* TASK TO CARRY OUT:
No pictures, nothing altered: return the data below.

* COLLECTED DATA:
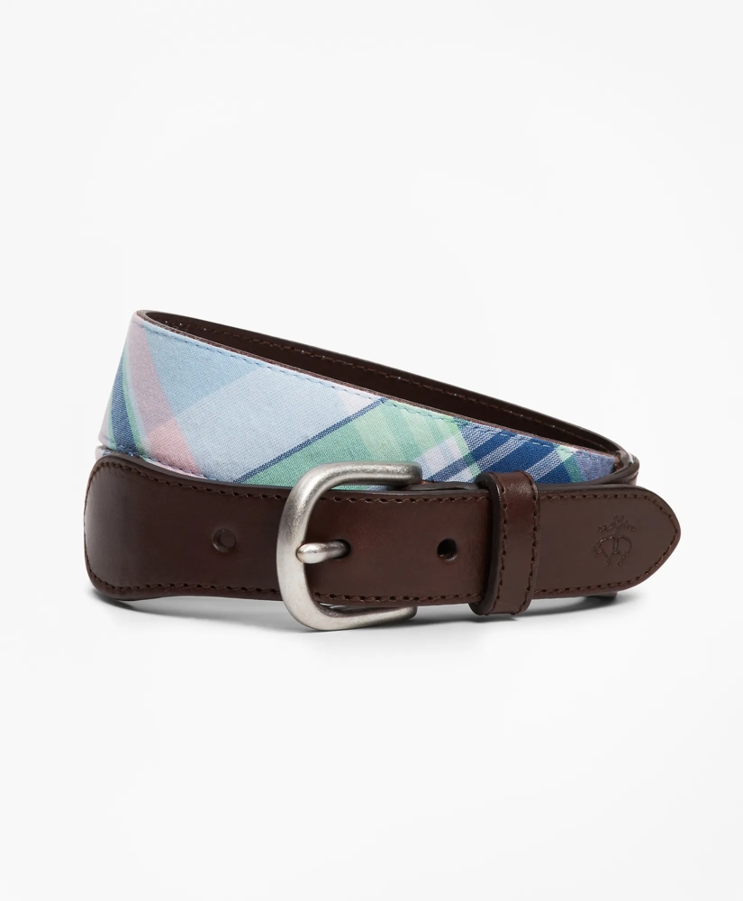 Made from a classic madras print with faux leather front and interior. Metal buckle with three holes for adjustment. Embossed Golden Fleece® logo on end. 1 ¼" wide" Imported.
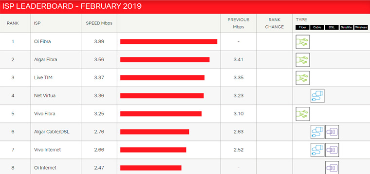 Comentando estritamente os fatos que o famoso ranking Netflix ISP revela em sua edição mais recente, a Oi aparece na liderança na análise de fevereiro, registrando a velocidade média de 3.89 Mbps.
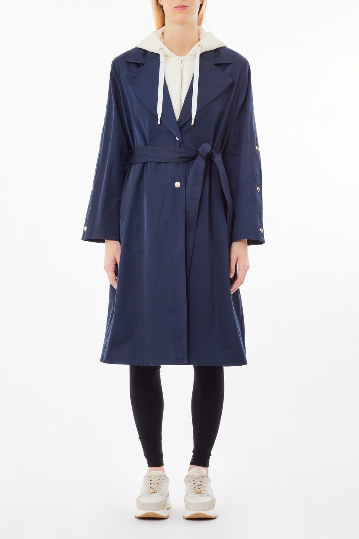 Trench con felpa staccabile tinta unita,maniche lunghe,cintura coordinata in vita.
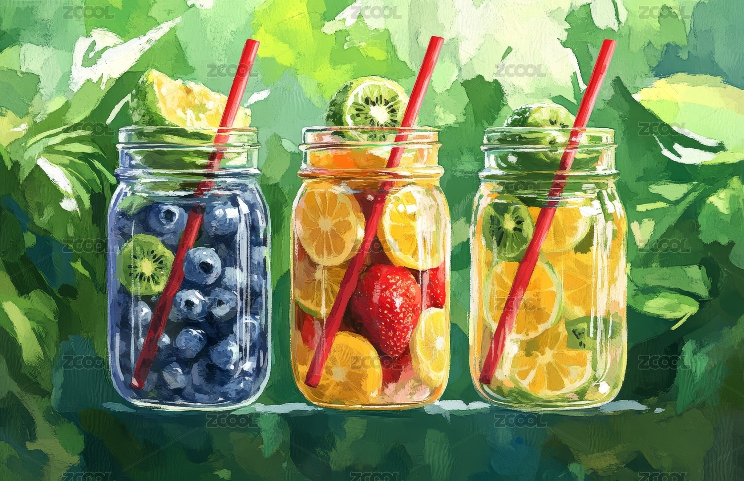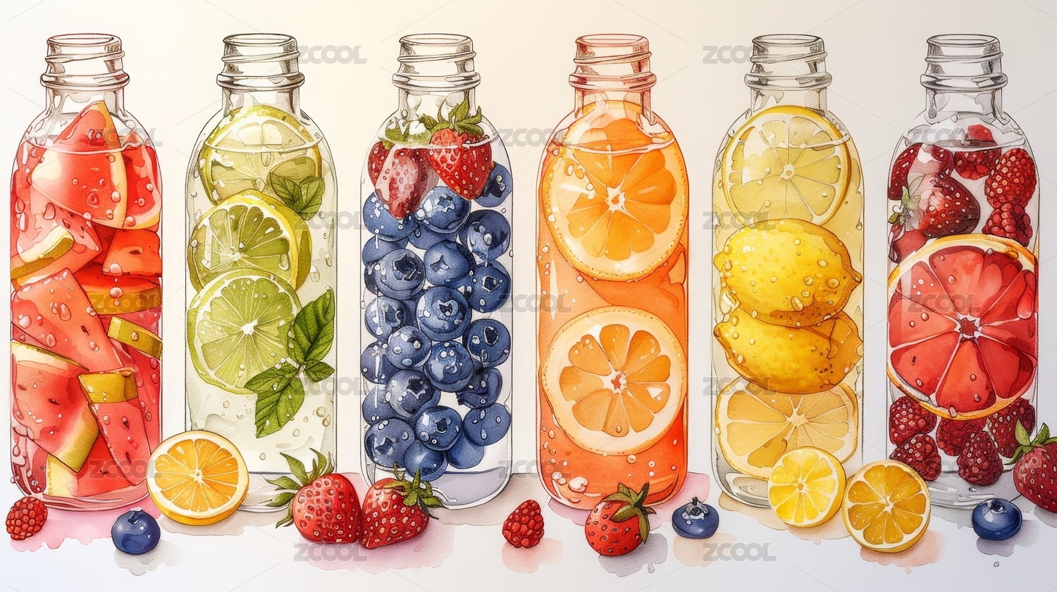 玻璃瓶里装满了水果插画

* COMPLETED EXERCISE:
 Made from a classic madras print with faux leather front and interior. Metal buckle with three holes for adjustment. Embossed Golden Fleece® logo on end. 1 ¼" wide" Imported.
 Comentando estritamente os fatos que o famoso ranking Netflix ISP revela em sua edição mais recente, a Oi aparece na liderança na análise de fevereiro, registrando a velocidade média de 3.89 Mbps.
 Trench con felpa staccabile tinta unita,maniche lunghe,cintura coordinata in vita.
 玻璃瓶里装满了水果插画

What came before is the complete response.